4. Educating the consumer: For each product there are instructive campaigns

Educational campaigns or brand academies are particularly suitable for informing a target group about the brand history and special unique selling points. There are many educational examples of awareness-raising campaigns. For example, the highly creative and very successful “MINI Academy for Rapid Learners”. Its success is due to the fact that it has been excellently integrated into the local cultural framework. In Europe, MINI has the image of a cheeky, flexible and individualistic small car. In 2009, the brand was still not able to develop the hoped-for potential in China so quickly. In China, the MINI was initially considered a cute little car for young women and a fun car for young people as a whole. Men and older customers were underrepresented in this group. The MINI managers wanted to make “the most exciting small car in the world” interesting for a broader group of buyers. To this end, a creative strategy was developed around the themes of “dynamic driving experience”, “cult design” and “tradition”. A MINI Academy was founded to inform Chinese consumers about the rich tradition and history of the MINI brand. The Academy was a platform that made it possible to communicate within the local cultural environment via different media channels and at the same time to establish a strong connection to the Chinese mentality.

There are many success stories proving how well storytelling can attract young target groups in growth markets. The history of the brand and its special features must be clearly highlighted. Educational campaigns with instructive and easy-to-understand content are achieving great success.

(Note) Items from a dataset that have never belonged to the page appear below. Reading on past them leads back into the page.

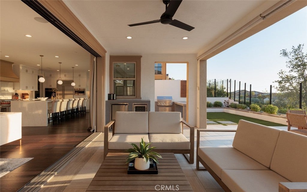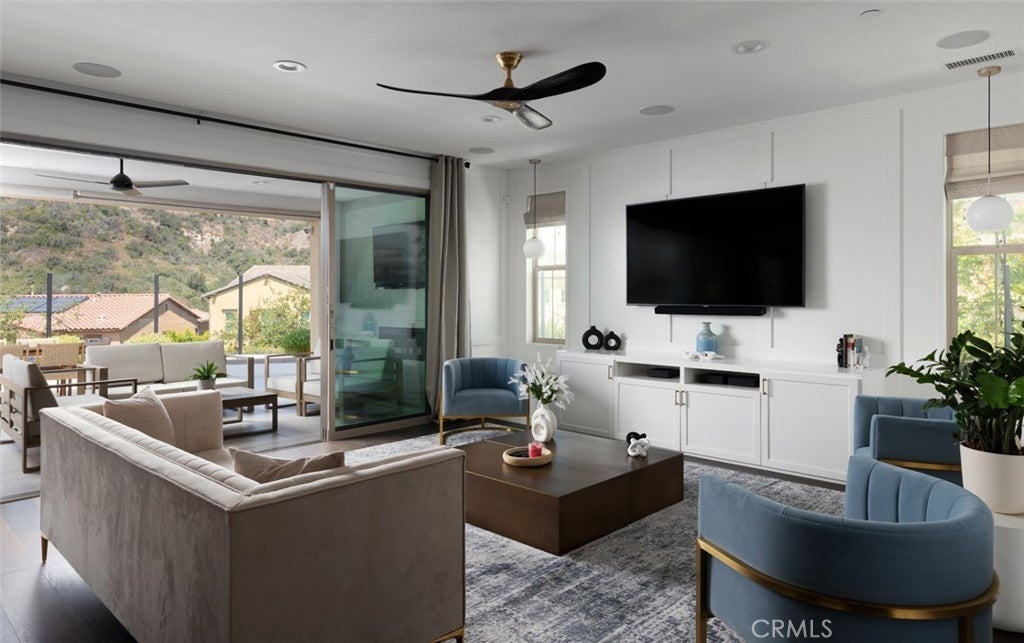 Elevated Luxury in the Hills of Mission Viejo - Welcome to 12 Cielo Prado, a rare Skyridge Collection Residence 2, built by CalAtlantic, redesigned in 2025. Available unfurnished or furnished—please inquire for pricing. On a prime corner lot with city lights and hillside views, it blends privacy, elegance, and indoor-outdoor living. In one of Mission Viejo’s exclusive hillside enclaves, this home boasts over $500,000 in upgrades. The flexible floor plan includes four bedrooms with a main-level suite, three bathrooms, a grand foyer, a bonus room, and a covered California Room. Inside, find Anderson Tuftex hardwood flooring, custom window treatments, Calacatta marble countertops, wainscoting, accent walls, designer lighting, ceiling fans, fresh paint, surround sound, a Falsken water system, and fireplaces indoors and out. The chef’s kitchen features a Calacatta marble waterfall island, full-height backsplash, shaker cabinetry with soft-close drawers, and premium appliances: Sub-Zero refrigerator, Wolf 6-burner range with griddle, double oven, microwave, Asko dishwasher, Sub-Zero beverage fridge, custom hood, and walk-in pantry. Outside, a wraparound backyard oasis with Ipe wood paneling and a water feature welcomes you. The backyard offers a California Room with roll-down shades, pre-wired flat-screen wall, linear fireplace, and ceiling fan. Enjoy a custom BBQ island, sink, wine fridge, lush landscaping, artificial turf, Sonos and Sonance sound, and a lounge alcove with fireplace. In the Saddleback Valley Unified School District, near Whiting Ranch, 241 Toll Road, Saddleback Church, Town Center Drive, and 20 minutes from Laguna Beach, this is Southern California living at its finest.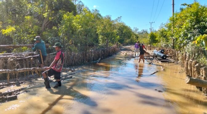 Barito Selatan – Satgas TMMD Kodim 1012/Buntok terus bergerak di tengah medan yang penuh tantangan di Desa Talio, Kecamatan Karau Kuala, Kabupaten Barito Selatan. Meski air menggenang hingga hampir setinggi lutut di lokasi pengerjaan jalan, hal itu tidak menyurutkan semangat para anggota Satgas untuk menyelesaikan sasaran fisik TMMD ke-124.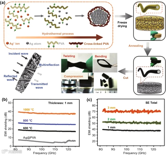 图6. (a) 银线包覆碳(Ag@C)芯-壳杂化海绵制备示意图; (b-c) 不同厚度和SET的Ag@C-1000海绵的EMI屏蔽性能。
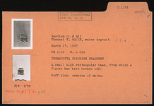 | Description: | A small high rectangular base, from which a figure has been broken off. Remains of white color. Buff clay. | |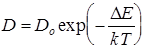 где предэкспоненциальный множитель (постоянная диффузии) Do и энергия активации диффузииDE - справочные величины.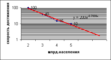 Термин "демографический взрыв", часто слышимый в последнее время, принципиально неверен. Не было никакого "взрыва": рост численности человеческой популяции все время был один и тот же. Чтобы достигнуть первого миллиарда, человечеству понадобилось более миллиона лет. Второй миллиард был достигнут за 100 лет, третий – за 40, четвертый – за 15, пятый – за 10. Смотрим графики в линейной и логарифмической шкалах и прогнозируем, за сколько времени будет достигнут 6, 7, 8 и прочие миллиарды .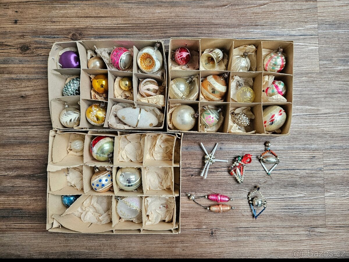 Retro vánoční ozdoby skleněné 34 ks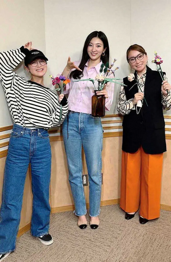 文化放送の新番組「カラフルブーケ」の初回放送を彩った左から鈴木奈々、福井セリナ、加藤綾菜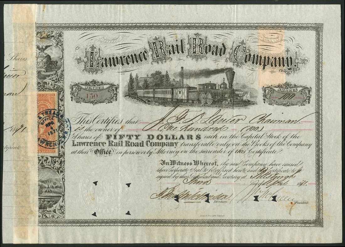 (x) U.S.A.: Lawrence Rail Road Company, $50 shares, 186[71], #150, issued to and signed on the reverse by James J.D.Lanier, steam train right, black, counterfoil reglued at left, hole cancelled. Lanier became President of the Bank of Indiana in 1833, later making considerable investments in local railroads. He later moved to New York to found Winslow, Lanier & Co., a bank and share dealer. Died in 1881. VF.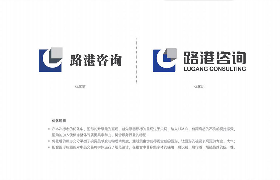 项目背景:湖北路港工程咨询有限公司成立于2001年,是湖北省建设工程造价咨询协会第四届理事会副理事长单位,公司具有中华人民共和国住房和城乡建设部颁发的工程造价咨询甲级资质等多项资质。艾的尔设计承接其品牌VI设计,与客户深入沟通后,明确企业寓意对LOGO设计进行优化,在此标志优化中图形的升级最为直观,原图形标的呈现过于尖锐,给人冰冷的视觉感受,优化后的标志整体气质具有亲和力,契合服务行业的特征,也通过黄金切割得到全新的图形,视觉表现更加专业、大气。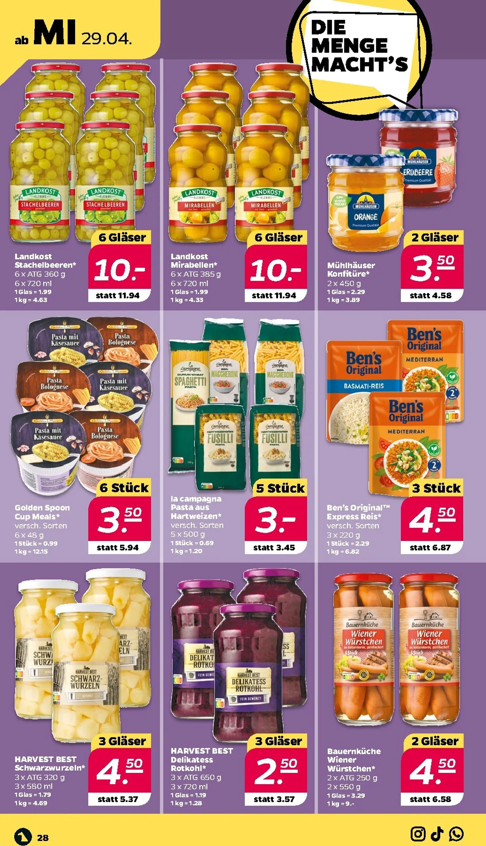 Die Obst- und Gemüseabteilung lockt in der nächsten Woche mit besonders attraktiven Preisen. Saftige Mandarinen gibt es im 750-g-Netz für nur 1,79 Euro, während eine reife Mango für 1,49 Euro erhältlich ist. Für die gesunde Küche sind GO BIO Zucchini und frischer Spinat im 500-g-Pack für nur 1,39 Euro bzw. 1,59 Euro ideale Begleiter. Diese Angebote machen es leicht, sich die ganze Woche über gesund und abwechslungsreich zu ernähren.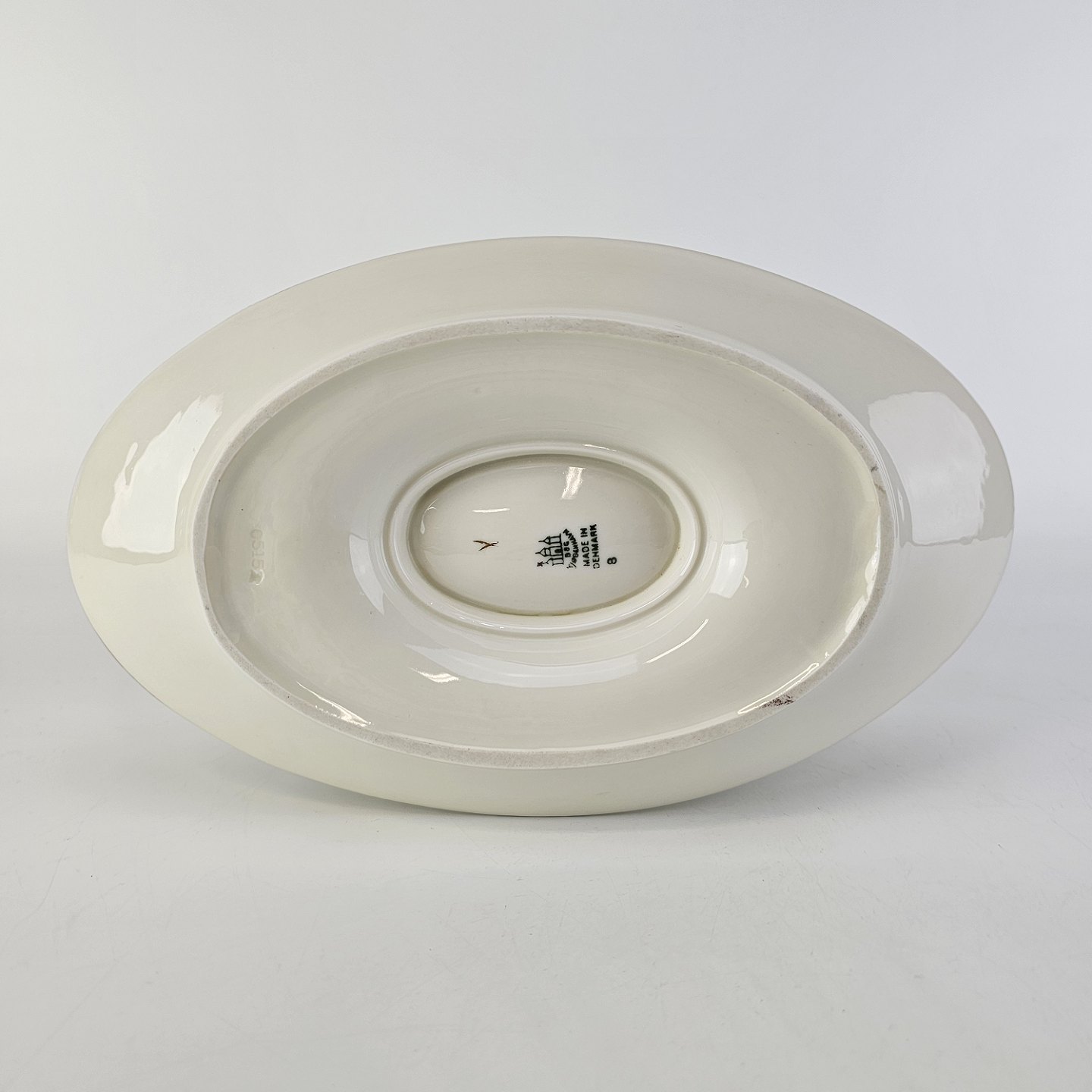 Balder er cremefarvet porcelæn i skælform, dekoreret med hyben og guldkant.
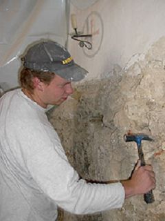 Mit einem Zimmererhammer wird in feiner Handarbeit das kontaminierte Fugenmaterial zwischen den Steinen von Josef entfernt. Der Ingenieurstudent sammelt bei seiner nebenberuflichen Tätigkeit Erfahrung von Sanierungen. | |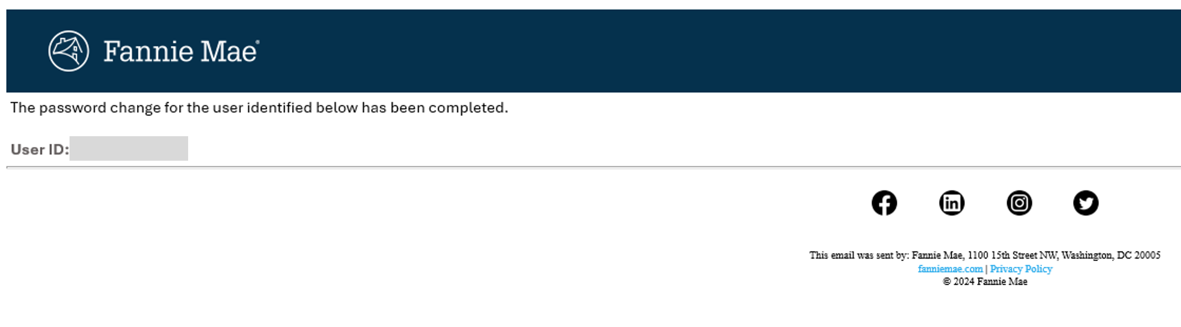 Once your administrator creates you as a new user, one of the emails you will receive is the Fannie Mae New User ID Confirmation Email. The email will contain a Create a password link that you must select.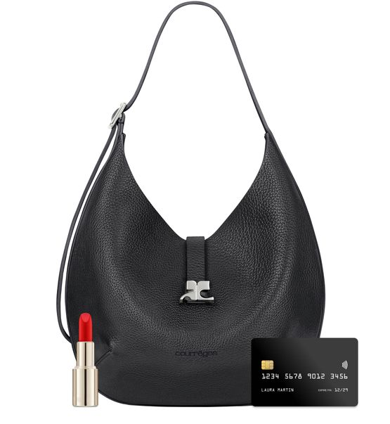 Reveal Courreges's Holy small hobo bag, crafted from grained leather with a single handle for effortless style. The silver clasp and front metallic logo add a refined touch, while visible stitching and a silver finish highlight the brand’s attention to detail and modern sophistication.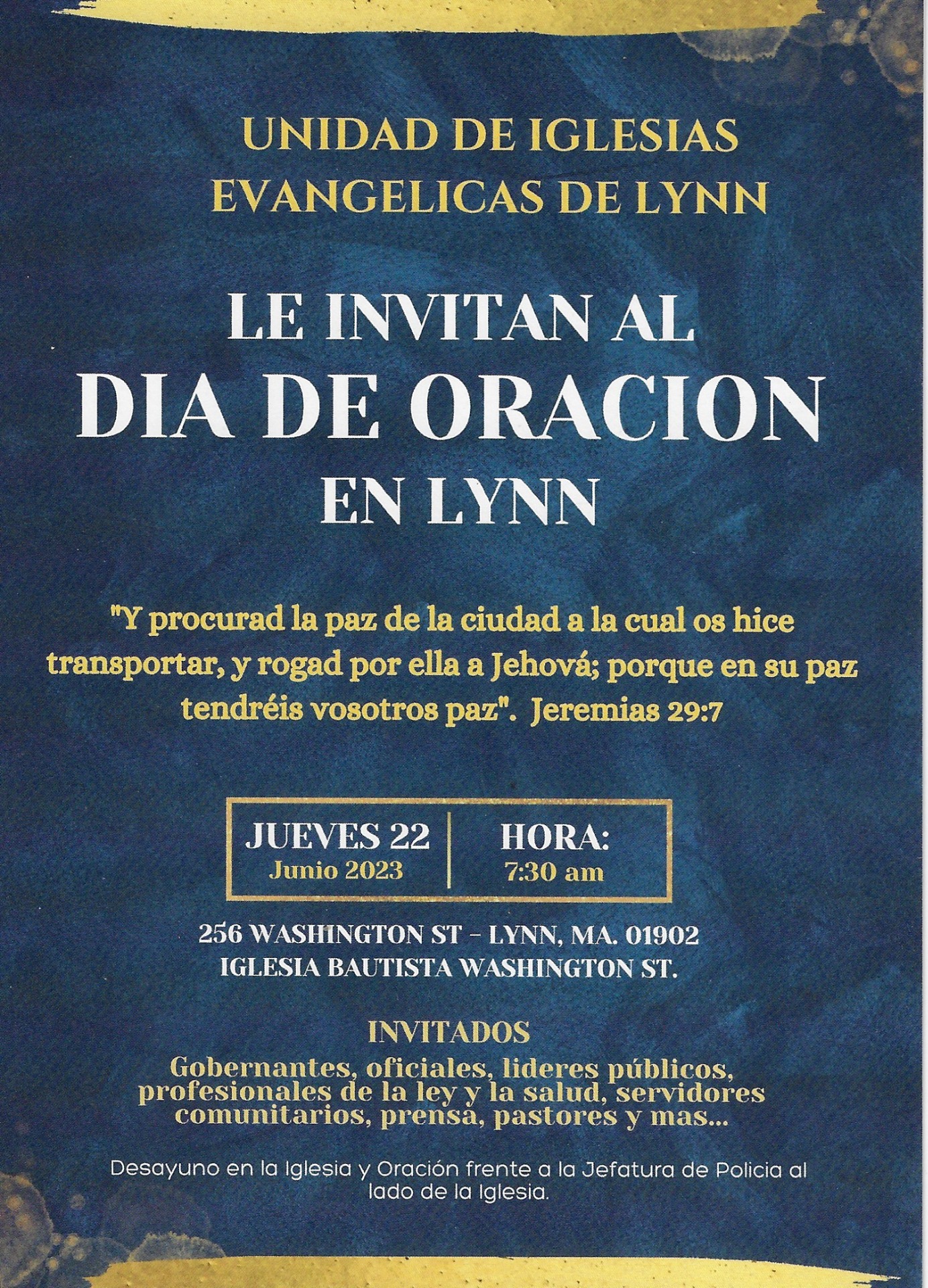 Un evento anual que pastores unidos junto a lideres de la ciudad, servidores públicos, profesionales de la salud, educación, trabajo, seguridad y comunidad se reúnen para desayunar juntos y hacer una oración en común, al finalizar este año oraremos enfrente del edificio de la Jefatura de Policia de Lynn.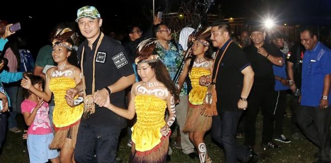 Dalam suasana yang riang, para penari tarian Yos Pan, mengajak AHY untuk ikut menari bersama mereka dikuti oleh masyarakat yang hadir sambil mengelilingi api unggun yang sudah dinyalakan. Suasana semakin akrab dan hangat.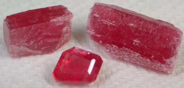 【紅寶石】它是剛玉的一種,主要成分是氧化鋁,紅寶石質地堅硬,硬度僅在金剛石之下,以“鴿血紅”最佳,次為石榴紅,玫瑰紅等莫氏硬度9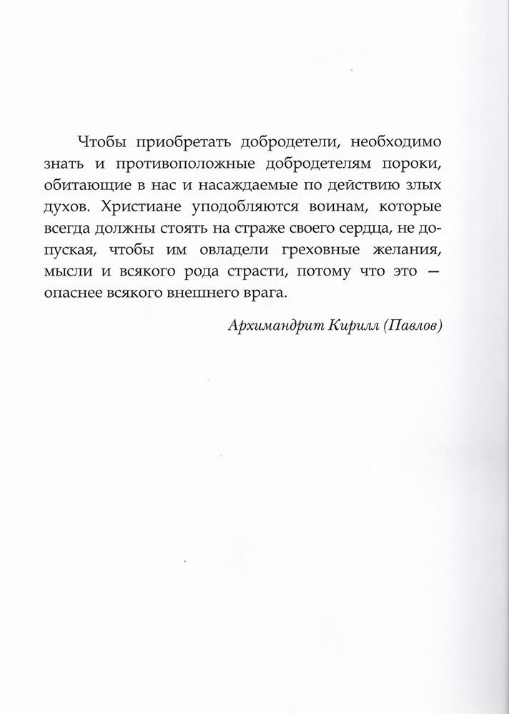 "Чтобы приобретать добродетели, необходимо знать и противоположные добродетелям пороки, обитающие в нас и насаждаемые по действию злых духов. Христиане уподобляются воинам, которые всегда должны стоять на страже своего сердца, не допуская, чтобы им овладели греховные желания, мысли и всякого рода страсти, потому что это опаснее всякого внешнего врага", - говорит архимандрит Кирилл (Павлов). В книгу вошли избранные слова из произведений старца, научающие преодолевать губительные страсти и помогающие стяжать добродетели.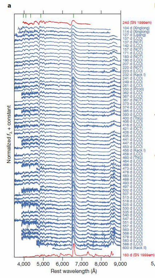 超新星iPTF14hls的光谱演化序列。其中蓝色为超新星iPTF14hls完整的光谱序列,红色为用作对比的II-P型超新星SN 1999em的光谱。横坐标为实验室静止波长,右侧纵坐标标示出了各条光谱观测时对应的超新星iPTF14hls爆发后的天数及所使用的望远镜(其中“Xinglong”对应兴隆观测基地2.16米望远镜)。2.16米望远镜贡献了该光谱序列中最早的两条光谱。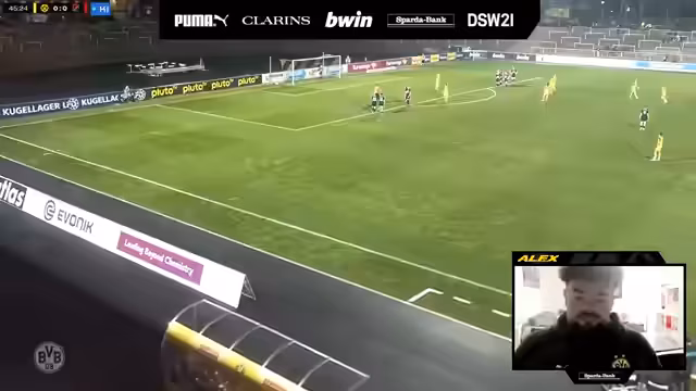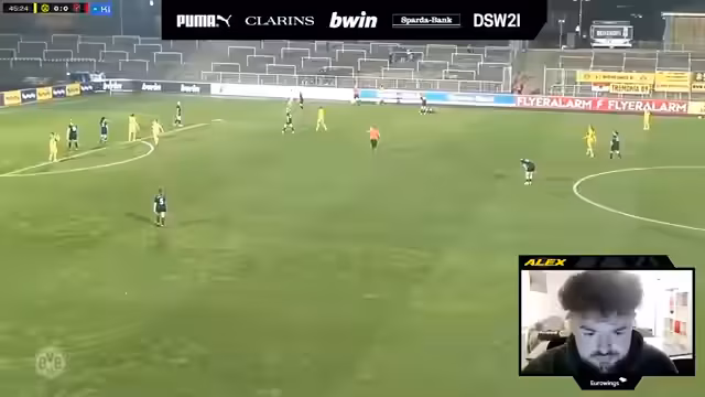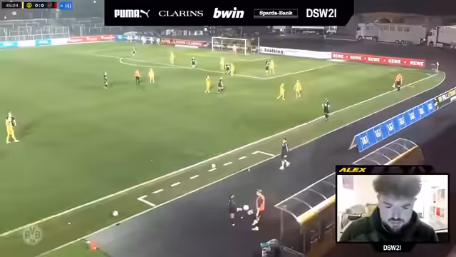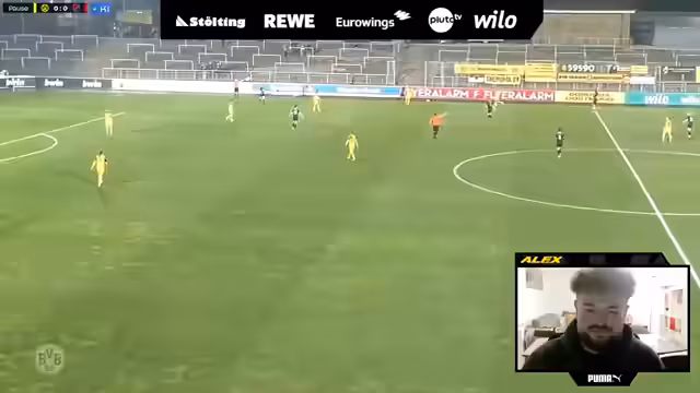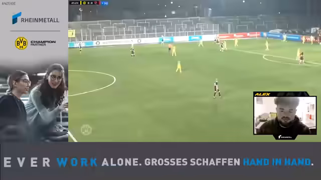 00:33:52Es wird eine intensive erste Halbzeitpause erwartet. Der Streamer kommentiert eine gute Hereingabe, die zu nah an die Torhüterin kommt. Er äußert die Meinung, dass der erste Platz unabhängig vom direkten Duell gegen Schalke entschieden wird und jedes Spiel mit vollem Einsatz gewonnen werden muss. Ein Abschluss von Lisa Gomulka wird als zu schwach bezeichnet. Germania verteidigt mit einem Abwehrriegel. Es wird eine neue Wette gestartet, ob vor der Halbzeit noch ein Tor für den BVB fällt. Der Streamer kündigt die morgige Übertragung der Infinity League an. Mia Böger holt einen Freistoß heraus, der aber nicht optimal genutzt wird. Marquardt erkämpft den Ball, und Enderler spielt in den Rückraum, aber der Schuss ist zu unplatziert. Kurz vor der Halbzeit fällt das 1:0 für den BVB durch Dana Marquardt nach einem Abstauber. Der Streamer gesteht, gegen ein Tor gewettet zu haben. Das Tor fällt in der 35. Spielminute, die KI-Anzeige ist weiterhin fehlerhaft. Es steht 1:0, und es sind ungefähr 37 Minuten gespielt.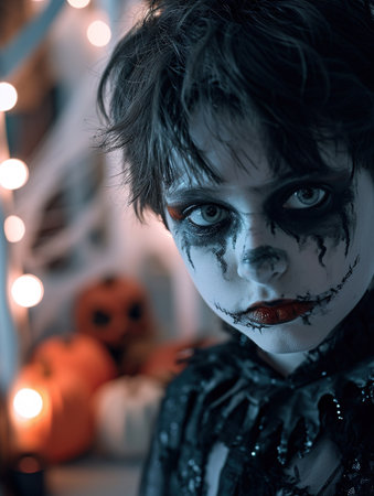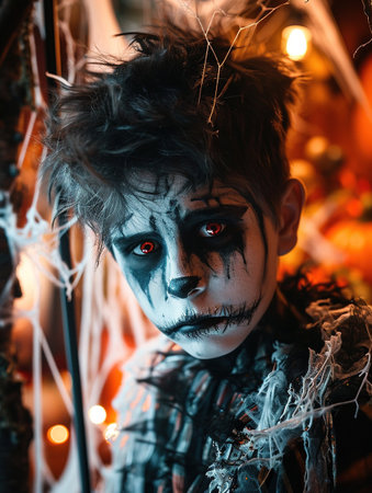 Halloween. Portrait of a boy in the image of a scary zombie on a background of Halloween decorations.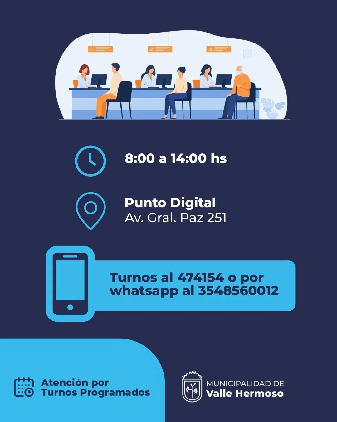 📱 Para sacar tu turno, comunicate al teléfono 474154 y WhatsApp al 3548560012.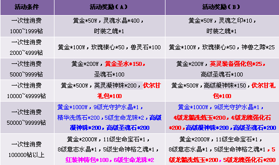 3. 活动期间累计消费满足条件可领取奖励,每重奖励玩家只能领取一次, 请留意领取活动奖励。
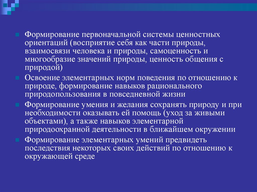 Формирование первоначальной системы ценностныхориентаций (восприятие себя как части природы,

emerging_markets_internationalisierung_spblog

Colorful advertisements, television ads and tourism: foreign influences in the major growth markets are getting ever stronger – and they are leaving a clear mark on the perception of local consumers. In addition, the economic opening up of these markets through their WTO entry and bilateral trade agreements are flushing more and more Western brands onto local shelves. The more respected the country of origin, the greater the propensity to buy. Sometimes the foreign brand origin proves to be an important factor in the international brand development. Niklas Schaffmeister (Managing Partner Globeone) and Florian Haller (CEO Serviceplan Group) explain why this is the case and they elaborate on additional advantages of this positioning concept. Read more about this in our new Springer publication “Successful brand development in the major emerging markets” (written in German).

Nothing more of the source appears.